Remember the form we defined earlier has a file attribute named image, so the contents parameter should have this attribute, which in turn has a filename and data. We can use fs.writeFile() with these parameters to write our image to the /images directory. After that, we just need to serve our gallery using our existing serveGallery() function. If we do this inside the fs.writeFile() callback, we ensure that the image is fully saved before we render our gallery (if not, the image might be missing until the user refreshes the page, which can be confusing).
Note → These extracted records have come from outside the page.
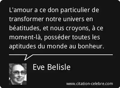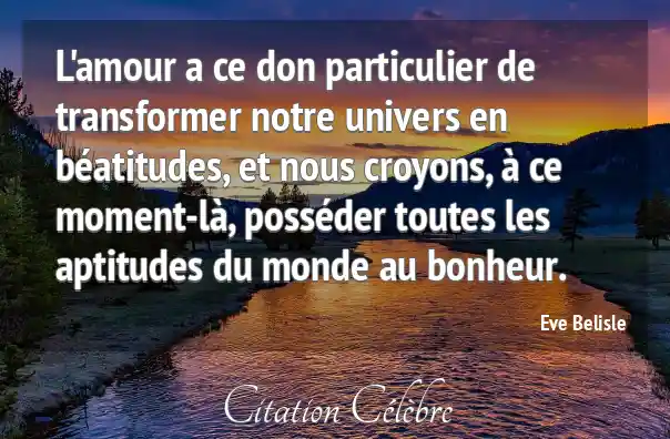 L'amour a ce don particulier de transformer notre univers en béatitudes, et nous croyons, à ce moment-là, posséder toutes les aptitudes du monde au bonheur.
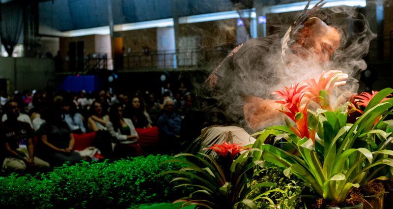 Evocado os bons agouros da ancestralidade, o MC se ocupava em seguida a ritualizar uma reza guarani onde, com cachimbo de bambu e fumo de corda, soprava a fumaça para purificar o ambiente junto as plantas que faziam bordas ao palco e púlpito, plantas essas que junto as falas potentes dos participantes, receberam todas as palmas nos dois dias de seminário.
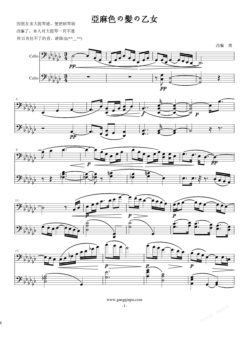 钢琴谱:亚麻色头发的少女(大提琴合奏)
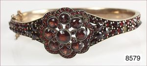 Granatarmreif um 1880, Silber vergoldet, Granate, sehr feine Arbeit, Kastenschloß, 3 Steine fehlen (können problemlos ersetzt werden), Kettchen defekt, Reif leicht unrund, 60,5 x 49 mm (Innen)
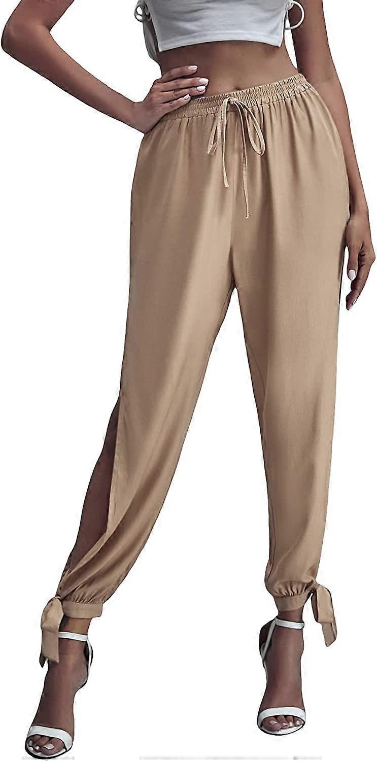 Women's Solid High Waist Split Knot Hem Long Pants S-2XL

Bringing that together as an uploadImage() function:

function uploadImage(req, res) { multipart(req, function(err, content) { if(err) { console.error(err); res.statusCode = 500; res.end(); return; } fs.writeFile('images/' + content.image.filename, content.image.data, function(err){ if(err) { console.error(err); res.statusCode = 500; res.end(); return; } serveGallery(req, res); }); }); }

Now we just need to determine, in our request handler, what constitutes an image upload. If we were to treat any POST request to our gallery as an image upload, we could differentiate between GET and POST requests using the req.method member:

if(req.method == 'GET') { serveGallery(req, res); } else if(req.method == 'POST') { uploadImage(req, res); }

If we restart our server and submit an image, it should appear in our gallery.

Large or Multiple Files

We can use the same method as in the previous post on form data to reject large files before they overwhelm our server. But sometimes, we need to be able to upload really large files for a good reason - say, uploading video files.

This is one reason the http.incomingMessage provides event handlers for data and end events - rather than holding the full contents in memory, we can stream them into a temporary file, and later move and rename the file using the fs library. This approach also helps conserve memory when we expect lots of middling-size file uploads like pictures. While one upload alone won't strain our memory reserves, thousands will, and can lead to page thrashing) and poor server performance.